In March 2010 the state prosecutor of Edomex was a man named Alberto Bazbaz Sacal. He said the case was one of clear cut criminal homicide. Bazbaz was a close friend of the governor of Edomex, who later went on to another job. His name is Enrique Peña Nieto.
The Mexican public, for understandable reasons, quickly adopted the murder theory, convinced that someone with access to the home - Lisette, Mauricio or the nannies - must have killed Paulette and then neatly tucked her away in her own bed. The latter was a little hard to explain, of course, since murderers don't generally don't leave the evidence of their crime meters away. But prosecutors would tie up the loose ends when the case was presented in court, everyone thought.
The press, the police, Mauricio and prosecutor Bazbaz all targeted Lisette as the perpetrator, and the suggestion stuck with most of the public. Until everybody found out that Paulette wasn't murdered.
The most methodical postmortem examination was performed on Paulette's amazingly well preserved body a few days after it was found in her bed (a factor attributed in part to Lisette's insistence that the temperature in the home be kept very low, by the liberal use of air conditioning). The highly qualified Mexican autopsy team was assisted by a group of FBI forensic experts with impeccable credentials. Their conclusions were unanimous: Paulette had died from positional asphyxia, after crawling to the foot of the bed and covering herself up face down. She had slowly suffocated without ever waking up. The circumstances, though bizarre, were consistent with Paulette's at times extraordinary behavior.
Paulette's body revealed no sign of trauma, nor any indication that she had been physically abused, the medical team unequivocally reported.
Bazbaz retracted his claim of homicide, and sheepishly told a press conference, "I recognize that there were deficiencies in our initial investigative procedures."
Lisette, an attorney, eventually filed a civil defamation suit against Edomex officials, accusing them of a rush to judgment. It was undeniable that Bazbaz had levied his charge of murder - sparing only the name of the defendant - before physicians ever had Paulette's body on the mortuary table. Lisette claimed that her personal and professional reputations had been irreparably damaged by statements on his part which proved to be completely false.

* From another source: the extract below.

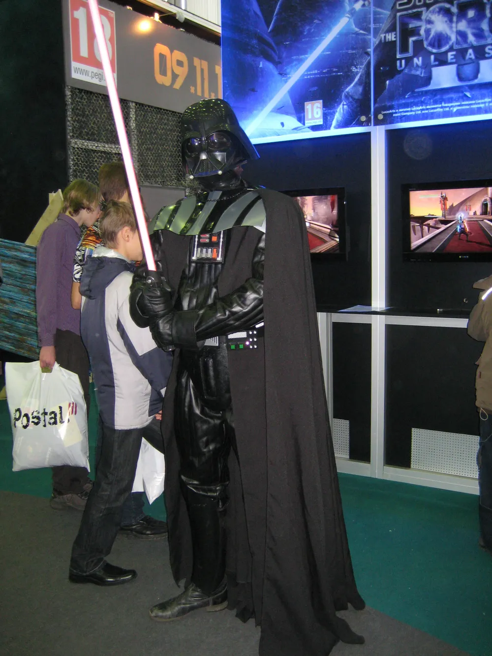 Дарт Вейдер поджидал падаванов около стенда с Force Unleashed 2. Все-таки на PS3 после привычного компьютера в нее очень неудобно играть. Даже не получилось пройти "Дорогу смерти" в режиме испытаний, хотя на персоналке справлялся без особых проблем.

Lisette Farah lost her case in the trial court, and lost several rounds of appeals, too. Last week she was handed a final rejection by Mexico's Supreme Judicial Court, which refused to overturn the lower tribunals' decisions. That's the end of the legal line for her.
Mexicans remain divided on little Paulette's case. Some flatly rejected the autopsy report, despite the credentials of those who prepared it. Many in this country have no confidence in police, prosecutors and the judiciary. The former governor of Edomex says he is working hard to change that. But as the fourth anniversary of a child's death in Interlomas is observed, some still ask, "What really happened to Paulette?"